This is a geek website, not a "research" website so stop talking a bunch of crap about a bunch of crap. I'm providing silly examples so don't focus upon them. Most researchers suck at stats and my attempt at explaining should either help out or show that I don't know what I'm talking about. Take your pick.
"p=.05" is a stat that reflects the likelihood of rejecting a true null hypothesis. So, lets say that my hypothesis is that "all cats like dogs" and my null hypothesis is "not all cats like dogs." If I collect a whole bunch of imaginary data, run it through a program like SPSS, and the results turn out that my hypothesis is correct then I have a .05 percent chance that the software is wrong. In that particular imaginary case, I would have committed a Type I Error. This error has a minimal impact because the only bad thing that would happen is some dogs get clawed on the nose and a few cats get eaten.
Now, on a typical experiment, we also have to establish beta which is the likelihood of committing a type II error, that is, accepting a false null hypothesis.
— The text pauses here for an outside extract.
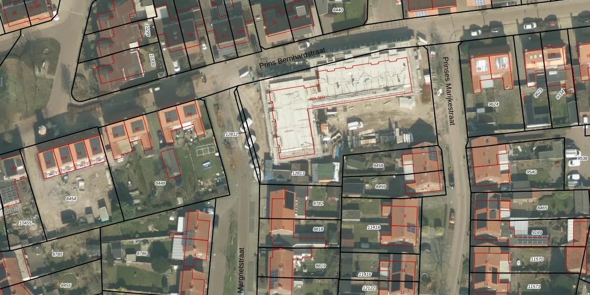Het perceel waarop Prins Bernhardstraat 50-C staat heeft een oppervlakte van 2230 m². Dit is een zeer groot perceel. De perceeloppervlakte wordt geregistreerd door het Kadaster. Gedetailleerde informatie over de maten van dit perceel kunt u vinden in het rapport Kadastrale kaart met maatvoering van Prins Bernhardstraat 50-C.

So let's say that my hypothesis is that "Sex when desired makes men happy" and my null hypothesis is "Sex only when women want it makes men happy." It's not a bad thing if #1 is accepted but the type II error will make many men unhappy.
Now, this is a give and take relationship. Every time that we make p smaller (.005, .0005, .00005, etc.) for "accuracy," then the risk of committing a type II error increases. A type II error when determining what games 15 year olds like to play doesn't really matter if we are wrong but if we start talking about drugs and false positives then the increased risk of a type II error really can make things ugly.
Next, there are guideline for determining a how many participants are needed for lower p (alpha) values. Social sciences (hold back your Sheldon jokes) that do studies on students might need lets say 35 subjects/people per treatment group at p=.05 whereas with a .005 might need 200 or 300 per treatment group. I don't have a stats book in front of me but .0005 could be in the thousands. Every adjustment impacts a different item in a negative fashion. You can have your Death Star or you can have Luke Skywalker. Can't have 'em both.
Finally, there is a statistical concept of power, that is, there are stats for measuring the impact of a treatment. Basically, how much of the variance between the group A and group B can be assigned to the experimental treatment. This takes precedence in many peoples minds over simply determining if we have a correct or incorrect hypothesis. Assigning p does not answer this.
Anyways, I'm going to go have another beer. Discard this article and move onto greener pastures.